ReplicationBench：AI智能体能否复现天体物理学研究论文？ (ReplicationBench: Can AI Agents Replicate Astrophysics Research Papers?)

Christine Ye,Sihan Yuan,Suchetha Cooray,Steven Dillmann,Ian L. V. Roque,Dalya Baron,Philipp Frank,Sergio Martin-Alvarez,Nolan Koblischke,Frank J Qu,Diyi Yang,Risa Wechsler,Ioana Ciuca

Frontier AI agents show increasing promise as scientific research assistants, and may eventually be useful for extended, open-ended research workflows. However, in order to use agents for novel research, we must first assess the underlying faithfulness and correctness of their work.

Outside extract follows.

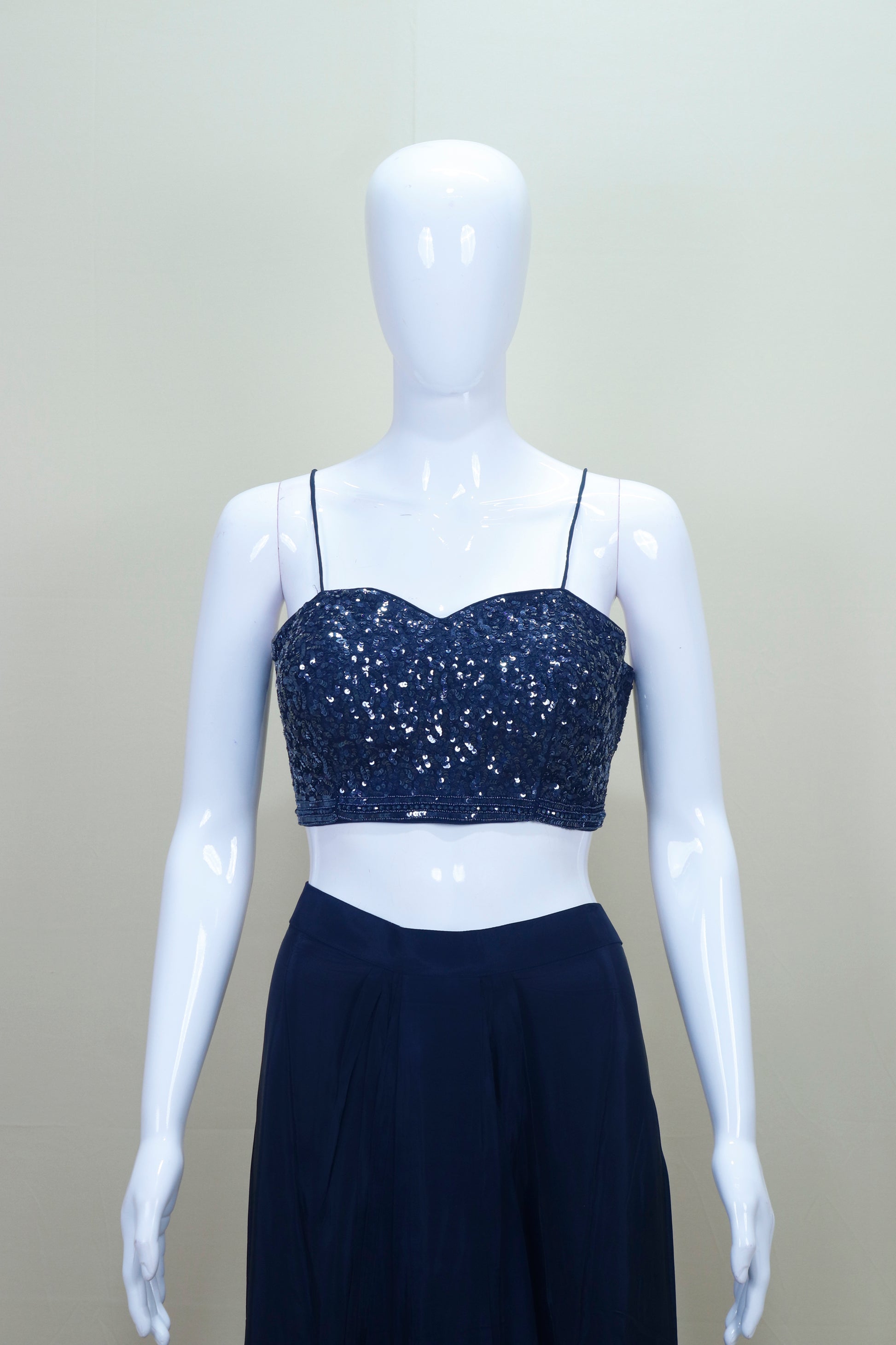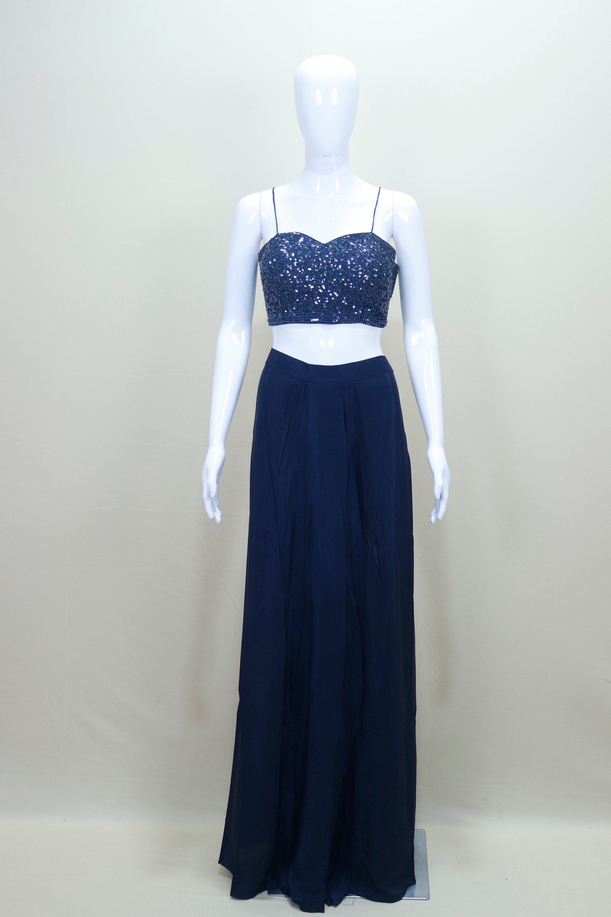 Elevate your ethnic wardrobe with this Navy Blue Designer Crop Top with Jacket and Palazzo Set Party wear Perfectly crafted for modern women, this stylish three-piece co-ord set includes a sequin-embellished crop top, a matching embroidered jacket, and flowy pants for a chic and comfortable look. The premium fabric ensures elegance with ease of wear, making it an ideal choice for weddings, receptions, festive occasions, and evening parties.

To evaluate agents as research assistants, we introduce ReplicationBench, an evaluation framework that tests whether agents can replicate entire research papers drawn from the astrophysics literature. Astrophysics, where research relies heavily on archival data and computational study while requiring little real-world experimentation, is a particularly useful testbed for AI agents in scientific research. We split each paper into tasks which require agents to replicate the paper's core contributions, including the experimental setup, derivations, data analysis, and codebase. Each task is co-developed with the original paper authors and targets a key scientific result, enabling objective evaluation of both faithfulness (adherence to original methods) and correctness (technical accuracy of results). ReplicationBench is extremely challenging for current frontier language models: even the best-performing language models score under 20%. We analyze ReplicationBench trajectories in collaboration with domain experts and find a rich, diverse set of failure modes for agents in scientific research. ReplicationBench establishes the first benchmark of paper-scale, expert-validated astrophysics research tasks, reveals insights about agent performance generalizable to other domains of data-driven science, and provides a scalable framework for measuring AI agents' reliability in scientific research.

翻译：前沿AI智能体作为科学研究助手的潜力日益显现，未来或可应用于扩展性、开放式的科研工作流。然而，为将智能体用于创新性研究，我们首先需要评估其工作的底层忠实性与正确性。为评估智能体作为科研助手的能力，我们提出ReplicationBench评估框架，该框架测试智能体能否完整复现天体物理学文献中的研究论文。天体物理学研究高度依赖档案数据与计算研究，且几乎无需现实实验，这使其成为AI智能体在科学研究中的理想测试场。我们将每篇论文拆解为多个任务，要求智能体复现论文的核心贡献，包括实验设置、公式推导、数据分析和代码库。每个任务均与论文原作者共同设计，并针对关键科学成果，从而实现对忠实性（遵循原始方法）与正确性（结果的技术准确性）的客观评估。ReplicationBench对当前前沿语言模型极具挑战性：即使表现最优的语言模型得分也低于20%。我们与领域专家合作分析ReplicationBench的任务轨迹，发现智能体在科学研究中存在丰富多样的失败模式。ReplicationBench建立了首个经专家验证的、论文尺度的天体物理研究任务基准，揭示了可推广至其他数据驱动科学领域的智能体性能洞察，并为衡量AI智能体在科学研究中的可靠性提供了可扩展的框架。